Hompimpa Alaium Gambreng ini adalah suatu permainan untuk menentukan sesuatu, entah itu suatu kelompok, peran atau posisi. Beberapa bocah yang bermain ini biasanya melingkar sambil menggoyangkan telapak tangannya sambil berkata “Hompimpa Alaihum Gambreng” sebelum akhirnya mengeluarkan posisi telapak tangan terbuka atau tertutup.

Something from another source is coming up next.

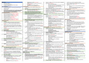 These notes are a comprehensive scaffold of the law of torts subject, which were used to achieve a high distinction. The torts exam is a restricted book exam and you are only allowed 2 double sided pages of notes. These notes are therefore a comprehensive summary of all relevant topics, condensed into 4 pages. The notes cover the following areas: 1. Negligence a. Duty of care i. Established duty situations ii. Established duty areas iii. Novel duty situations iv. Pure mental harm v. Pure economic loss vi. Vicarious liability vii. Non-delegable duties viii. Atypical plaintiffs b. Standard of care i. Legal standard of care ii. Negligence calculus iii. Reasonable person test c. Statutory authorities d. Causation i. Factual causation ii. Scope of liability e. Defences i. Contributory negligence ii. Intoxication iii. Voluntary assumption of risk iv. Obvious risk v. Inherent risk vi. Recreational activity vii. Dangerous recreational activity viii. Serious criminal activity 2. Intentional torts a. Actions involving people i. Assault ii. Battery iii. False imprisonment b. Actions on the case i. Wilful infliction of nervous shock ii. Wilful infliction of physical harm c. Actions involving land i. Trespass to land d. Actions involving goods i. Trespass to goods ii. Conversion iii. Detinue e. Defences i. Self defence ii. Consent iii. Necessity iv. Other defences 3. Essay topics
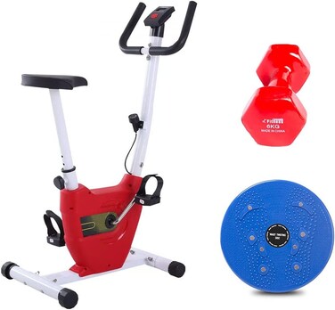 فتنس وورلد دراجة تمارين و تنحيف، أحمر، CF-937A مع عجلة التمارين الرياضية للذراعين والصدر ومع بساط تمارين اليوجا فتنس وورلد

Konon, Hompimpa Alaium Gambreng dalam bahasa aslinya yaitu sanksekerta adalah “Hongpimpa alaihong gambreng.”. yang diyakini bermaknya “dari Tuhan kembali ke Tuhan” dan Gambreng sendiri kira-kira bermakna “Ayo bermain!!”. Hal ini juga baru saya tahu setelah melihat video Youtube penjelasan Zaini Alif di TedX Jakarta, kira-kira judul videonya, “The Secret Meaning of “Hom Pim Pa”.

Secara tidak sadar, para bocah dan kita semua yang pernah memainkan Hompimpa Alaium Gambreng ternyata telah berpasrah kepada Tuhan untuk menentukan peran atau posisi dalam suatu permainan. Mungkin begitu juga dalam hidup, sekali waktu kita memang perlu “berhompimpa”, berpasrah pada Tuhan untuk menentukan posisi dan peran kita dalam kehidupan, biar selanjutnya Tuhan yang menentukan.

Dapat kita lihat bahwa begitu dalamnya makna mudik ini. Perlu untuk diingat, Pemerintah memang melarang kita untuk mudik pulang ke kampung halaman. Tapi, Pemerintah tidak akan bisa melarang kita untuk mudik yang sebenar-benarnya mudik yaitu mudik ke hadirat Tuhan, mudik untuk berpasrah dan bertawakal kepadaNya.